Background: Epidermal growth factor receptor tyrosine kinase inhibitors (EGFR-TKI) have been the standard of care as first-line (1L) therapy for patients with advanced EGFR mutated lung cancer since 2009. In Thailand, however, it was not fully introduced to all health care funds until 2020. The purpose of this study was to determine the overall survival (OS) and treatment pattern in the period before EGFR-TKI became universally available to all patients. Methods: This was a retrospective study conducted at 10 medical centers in Thailand. Patients harboring the common mutation (exon 19 deletion or exon 21 L858R) diagnosed during January 2013 and December 2019 were enrolled. Results: This study included 284 patients with a median follow-up time of 19.8 months and a death rate of 80.3% (228/284). Clinical characteristics included median age 62.5 years, female 65.5%, never-smoking 74.3%, stage 3B/4/recurrence 2.1/93.3/4.6%, exon 19/exon 21- 60.9/38.7%. Treatment patterns to EGFR-TKI included not receiving (NR) (9.5%), first-line (1L) (56.0%), switch maintenance (MN) (3.5%), second-line (2L) (21.8%) and third-line (3L) or more (9.2%). Median OS of patient receiving EGFR-TKI as NR, 1L+MN, 2L and 3L or more was 11.10 (95%CI: 8.21 to14.00), 19.08 (95%CI: 15.76 to 22.41), 23.06 (95%CI: 15.91 to 30.21) and 32.46 (95%CI: 21.61 to 43.30) months (p=0.006), respectively. Factors contributing to poor prognosis in the multivariate model included poor ECOG-PS (HR 3.17, 95%CI: 1.96-5.13), not receiving EGFR-TKI (HR 3.83, 95%CI, 1.94-7.56) and receiving EGFR-TKI 1L (HR 2.30, 95%CI: 1.40-3.79) Conclusion: OS of patients with EGFR mutation positive lung cancer treated with EGFR-TKIs in Thailand was comparable to clinical studies. EGFR-TKI treatment should be provided to patients as early as possible, but TKI remained beneficial at later points in the treatment timeline. 

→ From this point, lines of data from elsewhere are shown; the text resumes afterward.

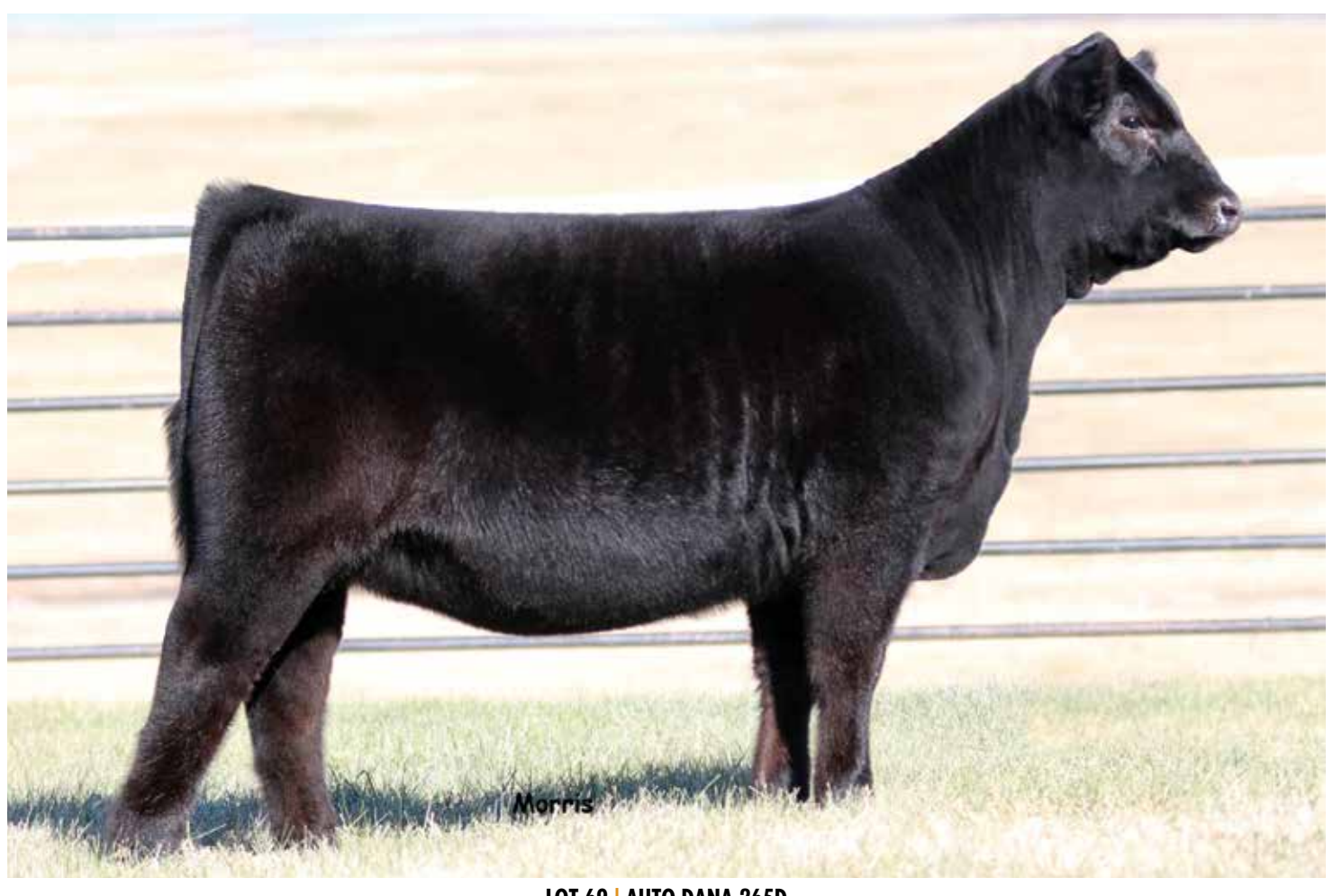
LOT 69 AUTO DANA 265D
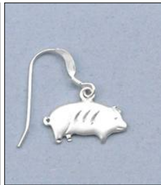
JE1007132T WT: 2.5 gm
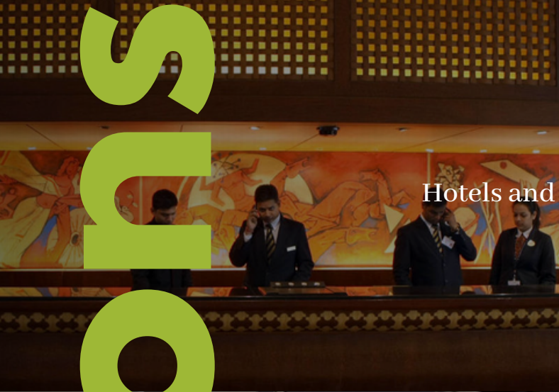
Hotels and restaurants
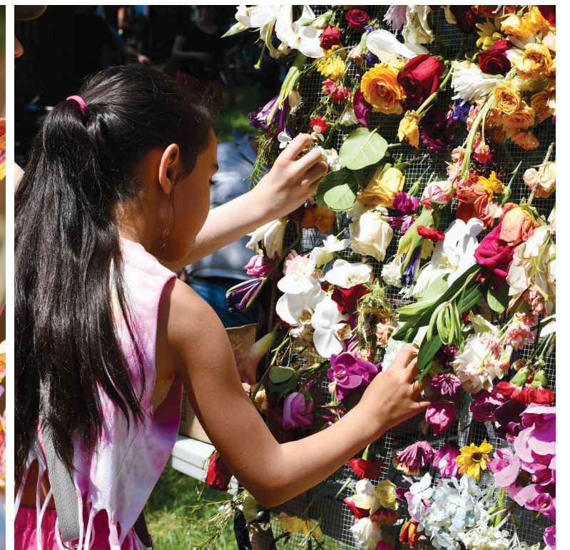
Flower Mosaic by Neal Flowers
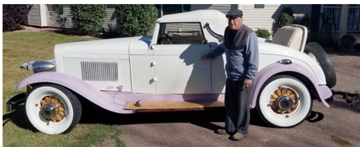
1929 Coupe Roadster (car# 95-1050)
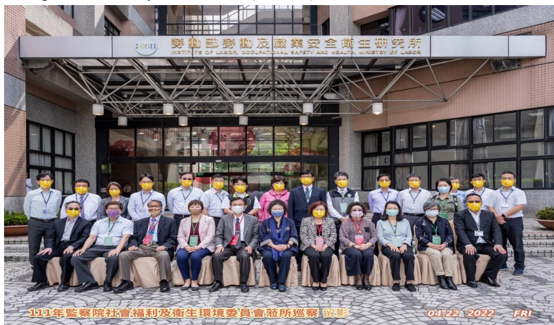
Image 7: Eight members from the Committee on Social Welfare and Environment Hygiene Affairs, Control Yuan, led by Control Yuan President Chen Chu and Convener Hsiao Tzu-Yu, inspect the ILOSH .

22.04.2022 In order to investigate the effectiveness of the implementation and promotion of labor and occupational safety and health research, workplace source safety management mechanism, and disaster prevention measures education, eight members of the Control Yuan, including President Chen Chu, Convener Hsiao Tzu-Yu, and members of the Committee on Social Welfare and Environment Hygiene Affairs visited the Institute of Labor, Occupational Safety and Health (ILOSH), MOL.
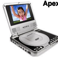
Apex PD-500 Portable DVD Player, used

As a result, EZAuctionAgent consistently earned higher selling prices on the items that included a warranty, compared to similar items without warranties. The included warranty let the buyers worry less about the item condition and focus on bidding for the item they really wanted to win!
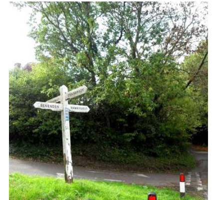
4. The Four Wents signpost
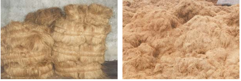
Bristle coir fiber
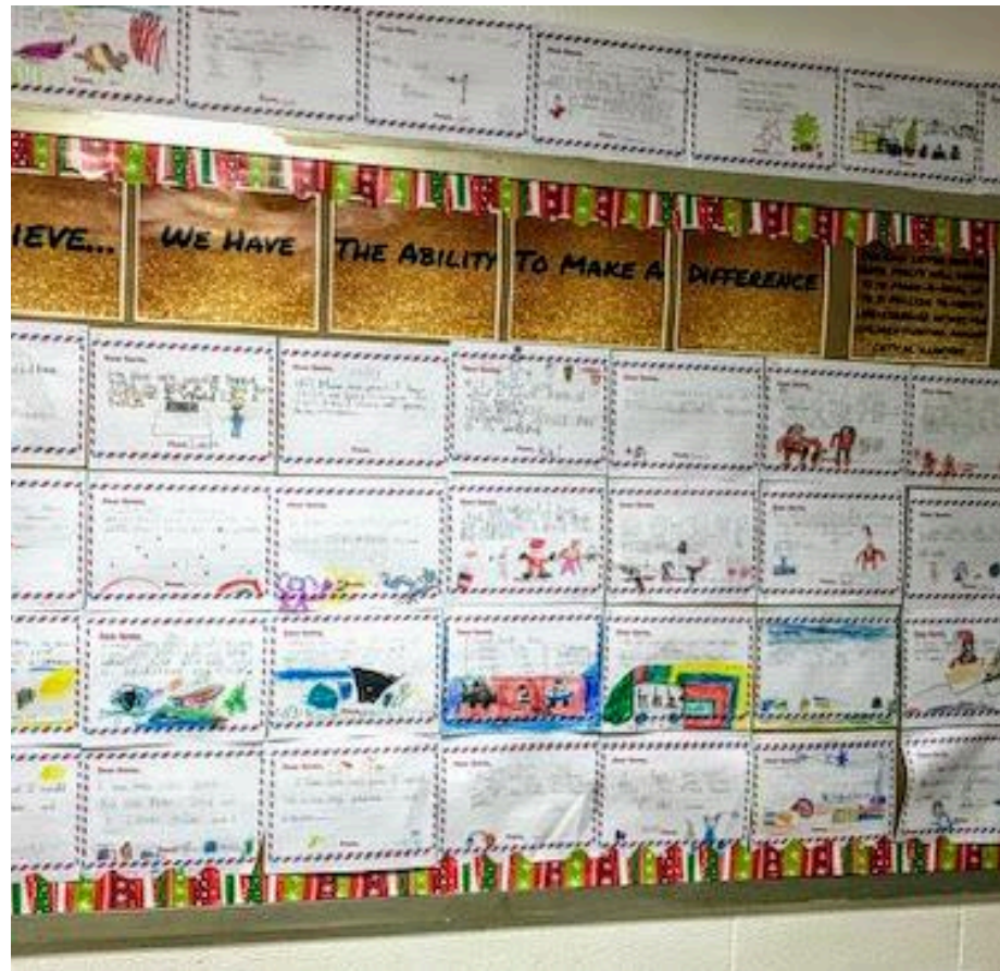
Above: Student letters on behalf of the Make-A-Wish Foundation are displayed on a bulletin board.
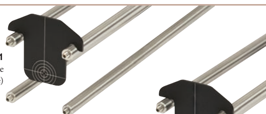
CPA1 For 30 mm Cage (Ø1 mm Hole)
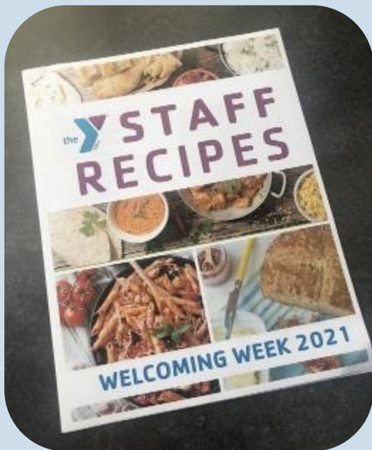
Edison YMCA staff contributed recipes from their own family's cultures that members could take home with them!
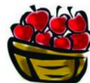
a basket of apples

EGFR突变阳性肺癌在现实世界的治疗结果:一项来自泰国的多中心研究
背景:表皮生长因子受体酪氨酸激酶抑制剂(EGFR- tki)自2009年以来一直是晚期EGFR突变肺癌患者的一线(1L)治疗标准。然而,在泰国,直到2020年才将其全面引入所有保健基金。本研究的目的是确定EGFR-TKI普遍适用于所有患者之前的总生存期(OS)和治疗模式。方法:在泰国10个医疗中心进行回顾性研究。在2013年1月至2019年12月期间诊断出携带常见突变(外显子19缺失或外显子21 L858R)的患者入组。结果:284例患者,中位随访时间19.8个月,死亡率80.3%(228/284)。临床特征:中位年龄62.5岁,女性65.5%,从不吸烟74.3%,3B/4期/复发2.1/93.3/4.6%,外显子19/外显子21- 60.9/38.7%。EGFR-TKI的治疗模式包括不接受治疗(NR)(9.5%)、一线(1L)(56.0%)、切换维护(MN)(3.5%)、二线(2L)(21.8%)和三线(3L)或更多(9.2%)。接受EGFR-TKI治疗的NR、1L+MN、2L和3L及以上患者的中位OS分别为11.10 (95%CI: 8.21 ~ 14.00)、19.08 (95%CI: 15.76 ~ 22.41)、23.06 (95%CI: 15.91 ~ 30.21)和32.46 (95%CI: 21.61 ~ 43.30)个月(p=0.006)。在多因素模型中导致预后不良的因素包括ECOG-PS差(HR 3.17, 95%CI: 1.96-5.13)、未接受EGFR- tki (HR 3.83, 95%CI: 1.94-7.56)和接受EGFR- tki 1L (HR 2.30, 95%CI: 1.40-3.79)。结论:泰国EGFR突变阳性肺癌患者接受EGFR- tki治疗的OS与临床研究相当。应尽早向患者提供EGFR-TKI治疗,但TKI在治疗时间的后期仍然有益。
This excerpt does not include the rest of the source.